Maybe take it with extreme flexibility as I have seen O gauge track with 27", 36", 48",60", and 72" curve diameters.


----------



## Conductorjoe (Dec 1, 2011)

N scale would be best for that. However the 9 3/4 " radius is half. It takes 20" or more to turn it around. Most locos and cars will not make it around that small of a curve. Best is at least 2' to be able to use 11" radius. That is for running contiuous loop.
Can you go with a 2' wide section at each end to turn it around?

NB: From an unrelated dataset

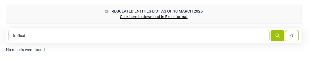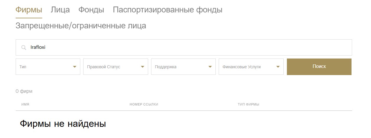 В разделе сайта под названием «Лицензии» написано, что деятельность брокера регулируется платформами DFSA, FCA, ASIC, CySEC, есть даже ссылки на лицензии, но при нажатии на них клиент попадает не на сайты регуляторов, а другие, внешне похожие. Мы проверили наличие компании «Ира флокси» в реестре Dubai Financial Services Authority и выяснили, что такой там нет.

Only other option would be a switching yard or point to point with no continious loop.
You can always go with Z scale which is smaller but are limited in products.

Hope that helps


----------



## Conductorjoe (Dec 1, 2011)

Here is a pic from my layout. The loop that goes under is an 11" radius on 2' of space to give you an idea of what it looks like.
There are other pics on my link below if you havent seen them yet. the bridge over the door narrows to 1' in that span.


----------



## T-Man (May 16, 2008)

It doesn't matter just as long as it is FUN.
You can use any scale but you will not be able to turn around unless you get more width or turn it into a circle.


----------



## Big Ed (Jun 16, 2009)

agiantfan said:


> Boys -n- Girls,
> Since I am a newbie at all this train stuff, you'll probably get tired of all the questions. Here's what I have in mind. A U-shaped layout running around 3 walls. The problem is I only have about 1' of space away from the wall. Will this work? If so what size railroad would be best?
> TIA!!!!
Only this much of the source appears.